IMPOTS - L'Assemblée nationale a donné son feu vert à un dispositif fiscal qui incite les propriétaires de logements vacants à louer leurs biens. Une nouvelle arme contre le mal-logement, qui touche 3,8 millions de personnes.

C'est une nouvelle pierre à l'édifice pour résoudre la crise du logement. Les députés viennent d'adopter, mardi 6 décembre 2016, un amendement au projet de loi de finances rectificative 2017 destiné à inciter les propriétaires à louer leur logement vacant à des prix inférieurs à ceux du marché. Les personnes potentiellement concernées sont nombreuses dans la mesure où la France comptait 2,88 millions d'habitations vides l'année dernière, selon les statistiques de l'Insee.

Exonérations fiscales de 15% à 85% sur les loyers perçus

Concrètement, les propriétaires pourront bénéficier d'exonérations fiscales sur les loyers perçus. Cet abattement variera de 15% à 70% en fonction du niveau de tension du marché locatif dans la zone où le bien se situe, c'est-à-dire dans les aires géographiques où la demande est plus forte que l'offre.
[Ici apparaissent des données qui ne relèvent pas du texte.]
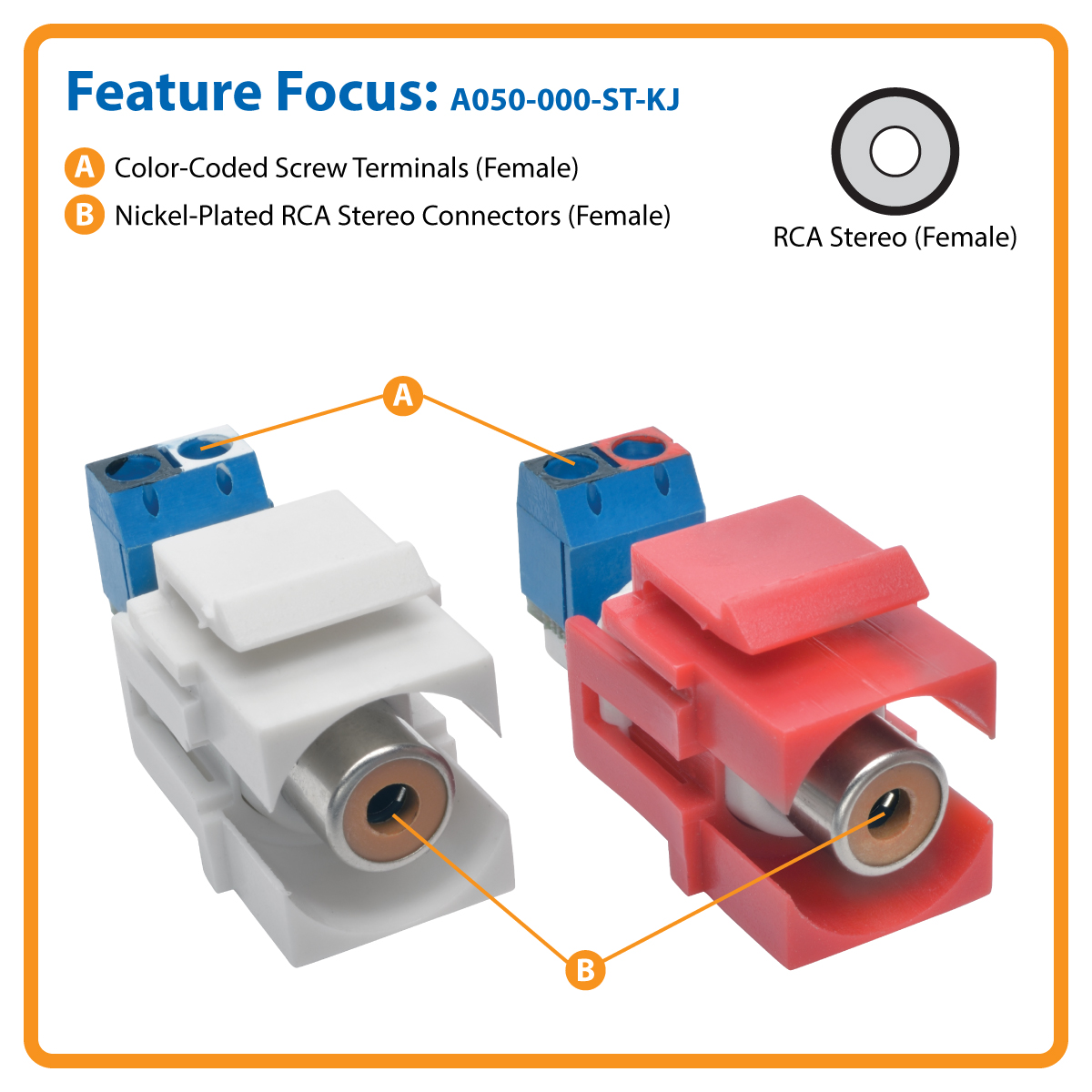 Tripp Lite’s A050-000-ST-KJ RCA Female Audio to Screw Terminal Keystone Jack Kit includes two color-coded RCA stereo audio jacks that snap easily into wall plate or patch panel cutouts. Color-coded screw terminals allow you to complete your installation in a matter of minutes, with no special tools or soldering required. The A050-000-ST-KJ is compatible with 18 to 30 AWG speaker wire and works with most universal keystone wall plates and patch panels.

L'avantage sera même majoré, pour atteindre 85%, si le propriétaire confie la gestion de son logement à un organisme agréé chargé de faciliter l'accès aux ménages pouvant présenter des difficultés. L'avantage fiscal sera conditionné à la conclusion d'une convention à loyer maîtrisé conclue avec l'agence nationale de l'habitat (ANAH) entre le 1er janvier 2017 et le 31 décembre 2019. 
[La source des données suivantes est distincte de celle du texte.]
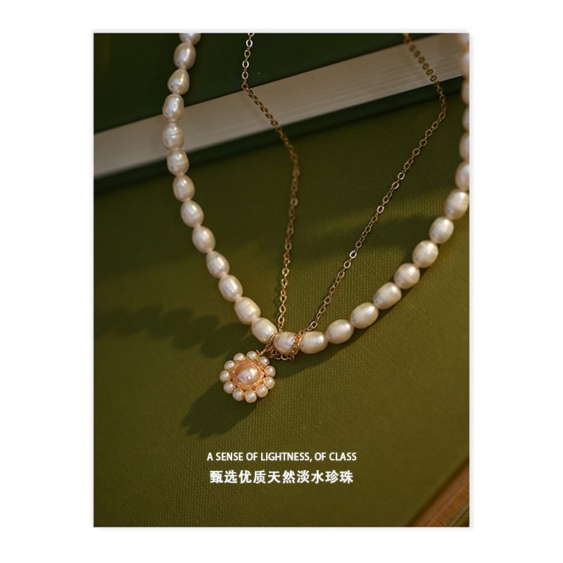 kev法式双层叠戴太阳花天然珍珠项链女夏轻奢高级感锁骨链颈链
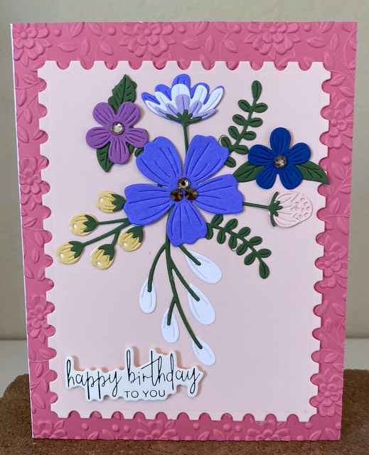 Spellbinder Happy Birthday Card Mar7 The card is 5″ by 61/2″. The embossing folder and dies are from Spellbinder.
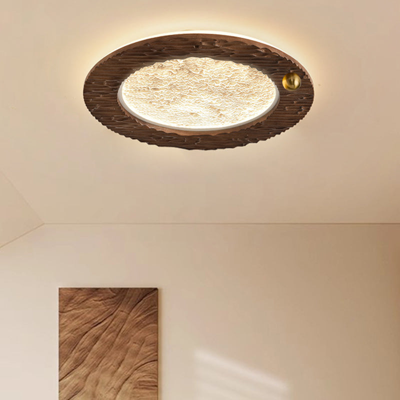 Traditional Vintage Round Oak Iron Acrylic LED Flush Mount Ceiling Light For Bedroom
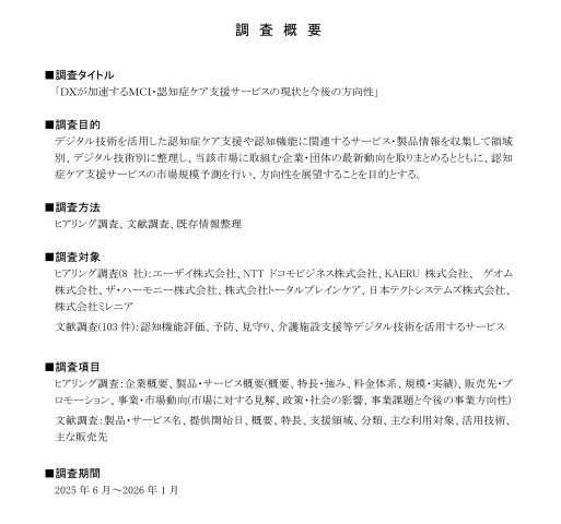 Corporate 調査レポート「DXが加速するMCI・認知症ケア支援サービスの現状と今後の方向性」掲載のお知らせ 2026.02.12 株式会社株式会社シード・プランニングによる調査書「DXが加速するMCI・認知症ケア支援サービスの現状と今後の方向性」(2026年1月末発行)において、当社及び当社製品が紹介されております。 以前より、本調査書に掲載するための「認知症ケア支援サービス」に係る情報提供を行ってまいりました。 本調査レポートはこちらから購入が可能です。 favorite0いいね送信中です×※コメントは最大500文字、5回まで送信できます送信送信中です送信しました! Post Share Hatena Line RSS feedly Pin it note

Cette mesure est appelée à remplacer deux dispositifs qui ont, selon le gouvernement, perdu de leur efficacité. Il s'agit des dispositifs Besson ancien et Borloo ancien, qui permettent de bénéficier d'un abattement de respectivement 26% et 30% sur les revenus fonciers lorsque le bien est loué pour un loyer raisonnable à des personnes dont les ressources sont limitées. 

894.500 personnes privées de logement personnel

L'objectif du nouveau dispositif, selon la ministre du Logement, Emmanuelle Cosse, est de permettre "d'une part de faciliter pour les publics fragiles l'accès à un logement conventionné et d'autre part de garantir, grâce au contrôle d'un tiers, que le logement est loué décent". 
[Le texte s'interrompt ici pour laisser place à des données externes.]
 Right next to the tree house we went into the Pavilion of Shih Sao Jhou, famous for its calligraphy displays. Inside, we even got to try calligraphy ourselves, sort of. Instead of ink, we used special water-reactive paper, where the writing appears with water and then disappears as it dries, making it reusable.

Ce qui est loin d'être partout le cas en France : 2.879.000 personnes vivent dans des conditions de logement très difficiles, c'est-à-dire sans confort ou en surpeuplement, et 894.500 sont privées de logement personnel, c'est-à-dire sans domicile fixe, en hébergement de fortune, en chambre d'hôtel ou hébergées par un tiers de façon contrainte, selon le dernier rapport annuel de la Fondation Abbé-Pierre. Soit un total de 3,8 millions de personnes mal-logées.